Ещё одно удивляет меня: почему отечественные гоголеведы и литературоведы вообще так пренебрежительно относятся к объяснениям Н.В.Гоголем своего литературного труда? Откуда такое презрение? Сами-то они ничего не написали, кроме этих, теперь уже никому не нужных, книжек, не нужных потому, что, как оказалось, эти книги совсем не о Гоголе, а о чём-то и для чего-то другого: самодержавия, коммунистической партии и тому подобного, от чего осталась или скоро останется лишь пыль на дороге.

Что может дать нам с вами, друзья, анализ Юрием Манном описания похорон Пульхерии Ивановны с точки зрения верха и низа карнавальности? печаль? полноту понимания и переживания себя русским? – ни в коем случае; кафедру? учёную степень? гонорар? – кому-то да, но не нам. Нам же – ничего, кроме сожаления о потерянном времени и удивления изобретательности праздного человеческого ума, с рвением бросившегося измерять транспортиром труп человека в поисках партийных параметров его души.

Впрочем, возможно, нашему читателю всё нипочём, возьмёт он все наши книги о Н.В.Гоголе и начнёт рассуждать: «ага, у Золотусского Гоголь опьянён религией и учительством, да ещё явно неравнодушен к старухам, у Манна Гоголь фантастичен без носителя фантастичности, а вот у Яфарова он смело кошек топит, ну дела!»

А Н.В.Гоголь так и останется где-то далеко, как повод, как прилепившаяся к ботинку жвачка, по отношению к которой каждый изобретает свой собственный способ освобождения или как незамеченная тобой ступенька, уже споткнувшись о которую, ты только тогда замечаешь предупреждающую тебя надпись.

Мы, как герои Хармса, до сих пор спотыкаемся «об Пушкина и об Гоголя».

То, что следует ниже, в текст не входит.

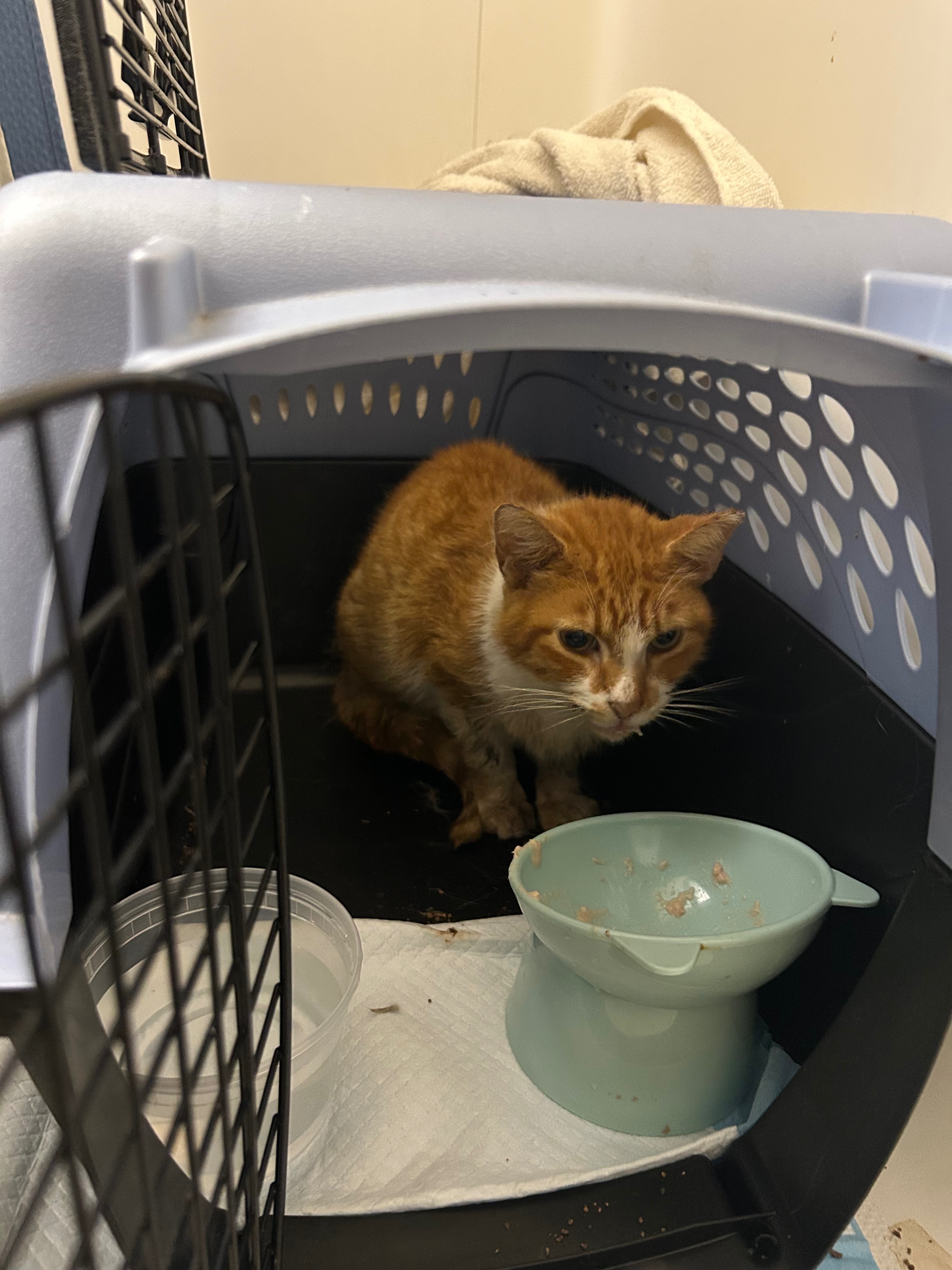 Update 8/11/2025: Marshall saw the vet today and we learned more about him and his situation. He is estimated to be between 6-8 years old. He currently has an ear infection that is being treated with antibiotics, and a possible ruptured ear drum. He also has swollen lymph nodes. He will need a dental that may cost upwards $1,000 due to rotting teeth and necessary extractions but he needs his infection to be cleared. He is also FIV+. Marshall also had a lot of tar on his fur so he's being cleaned properly. More updates but his most recent bill is now posted. Please consider donating! We will have dental paperwork shared as soon as we can.
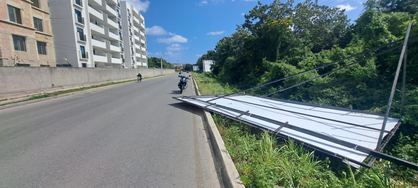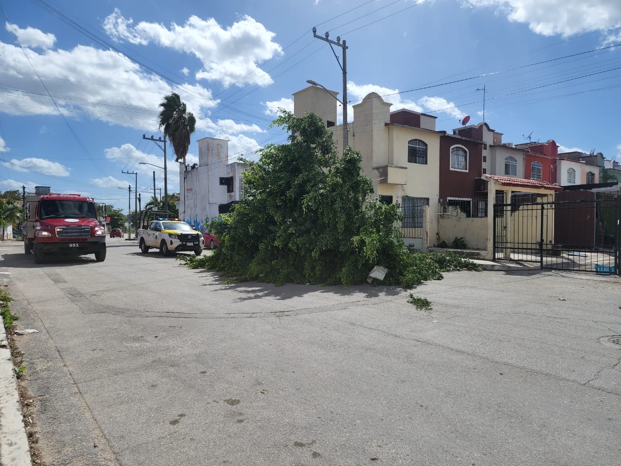 En tanto, en la Av. Ciénega en la Región 200 un árbol resultó derribado por el viento; se han detectado 3 espectaculares que se encontraban tirados sobre la vía de rodamiento en la Av. 135 con Av. Huayacán, en la Av. Cobá con Av. La costa y el último en la Av. Lak’In con Av. Margarita en donde un poste de electricidad también sufrió afectaciones.

Как сделать так, чтобы читатель увидел, узнал, угадал самого Н.В.Гоголя, а не меня с Золотусским и Манном? как заставить его удивиться, восхититься жизни Гоголя или просто посочувствовать ей? Как отвлечь его от копаний в мелочах, от разборок разнообразных мнений тьмы специалистов, как передать ему живое слово великого русского писателя?

Слово Н.В.Гоголя удивительно просто, безыскусно, наивно, наполнено только одним – его собственным живым переживанием, больше ничего в нём нет, но этого уже достаточно, этого уже много, потому что его живое слово полно, наполнено величием и торжеством самой жизни, а этого вполне достаточно и этого хватит всем, кто сколько бы ни брал!

Чтобы услышать Н.В.Гоголя в его полноте, в его совершенстве, необходимо сделать очень простую вещь, которая для кого-то есть самая сложная вещь на свете, но только не для русского – нужно забыться им, нужно впасть в живой сон Н.В.Гоголем, нужно дремать им, так, как это делает каждый из нас, русских, когда забывается чем-то.

Кстати, тогда окажется, что белинские, золотусские, манны и яфаровы совершенно не нужны для того, чтобы жить русской литературой.

Наше литературоведение до сих пор находится в полной зависимости от представления о том, что вдохновение, творческое вдохновение – не зависящая от человека сила, представление, которое так любил В.Г.Белинский, или точнее, за которое так цеплялся критик, поскольку именно это представление о двойственной природе писателя и творчества позволяло ему, во-первых, не обращать должного внимания на свои собственные, личные восприятия и переживания, порождающиеся процессом чтения, и, во-вторых, выделять в творчестве писателя то его содержание, которое является результатом вдохновения, и отличать его от того содержания, которое написано им без вдохновения.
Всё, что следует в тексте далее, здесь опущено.